Anyhoo, I came across a couple interesting passages last night that freely acknowledged how they used certain media personalities to get their message out.
1) When the Secretary of Transportation wanted to restrict Japanese auto imports--a big no-no in Stockman's absolute free market:
"Going to war" meant it was time to call Bob Novak, the Prince of Darkness. The Evans and Novak syndicated column was a kind of supply-side dartboard. You could use it to stick somebody in the forehead fast, if you had to. So after my 8:00 a.m. breafast at the Hay-Adams with Greider, I had a second (lighter) breakfast at nine with Novak.
What resulted was a column which appeared in hundreds of papers across the nation saying that the administration was going astray on a fundamentaly supply-side principle because the Secretary of Transportation's chief advisor was a leftover Carterite.

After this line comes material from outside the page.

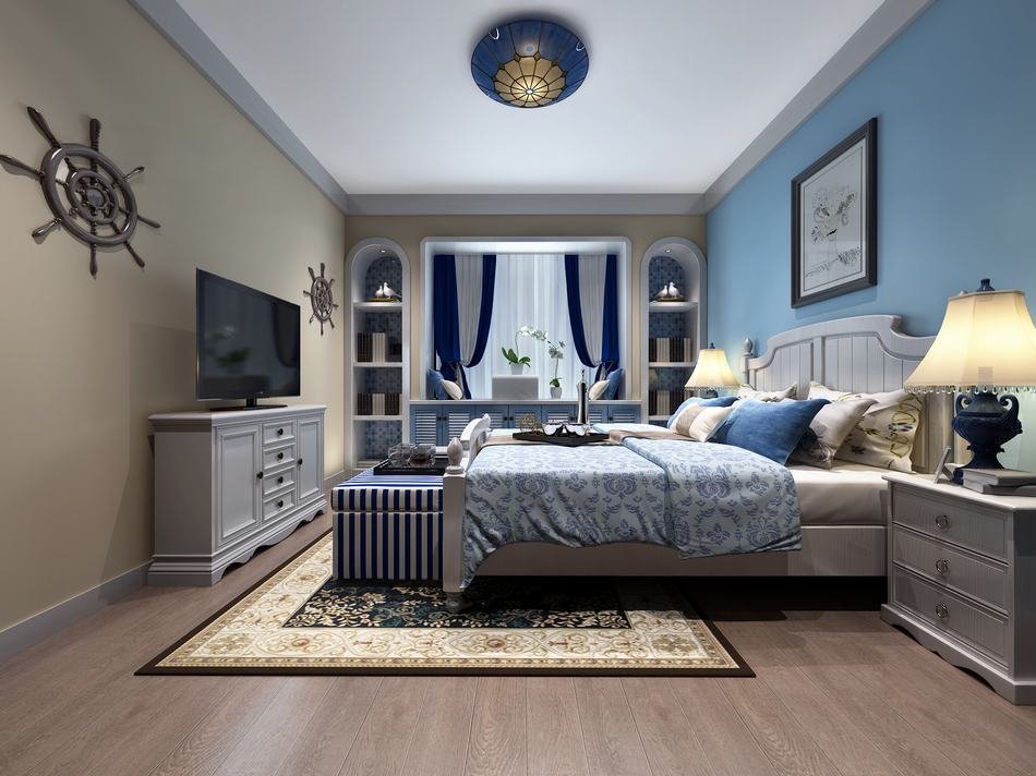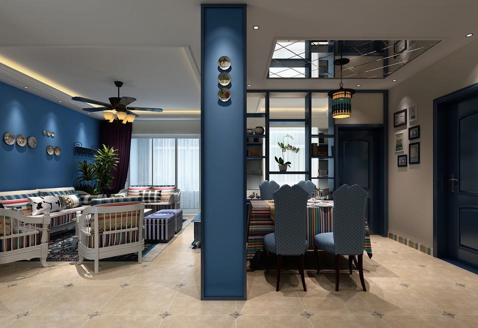 這套地中海風格用深藍色作為客廳背景墻的主色調,配上鐵藝的置物架和吊頂,質感十足。客廳和餐廳用電視背景墻做隔斷,兩個空間互不影響。臥室的墻上安置了兩個船舵做壁飾,有一種航海的感覺。對于喜歡異國風情的業(yè)主來說,地中海風格是個不錯的選擇。

2) When Sen. Pete Domenici was not playing the game they wanted him to play:
So, I posted a message on the Bob Novak bulletin board and had a little conversation with my friend Bob Bartley, editorial page editor of The Wall Street Journal. The next day there appeared on that gray, dignified page a searing editorial entitled "John Maynard Domenici."
It accused the Senate Budget Chairman of single-handedly attempting to destroy the Reagan Revolution out of a benighted affection for the failed Keynesian policies of the now medieval past. Domenici was alarmed by the jeremiad. His staff immediately produced a lengthy letter to the editor "proving" that the Senate Budget Chairman was not, in fact, a Keynesiean deviant. My missile had hit its mark.
Yeah, we've got a free press. A fully bought and paid for free press.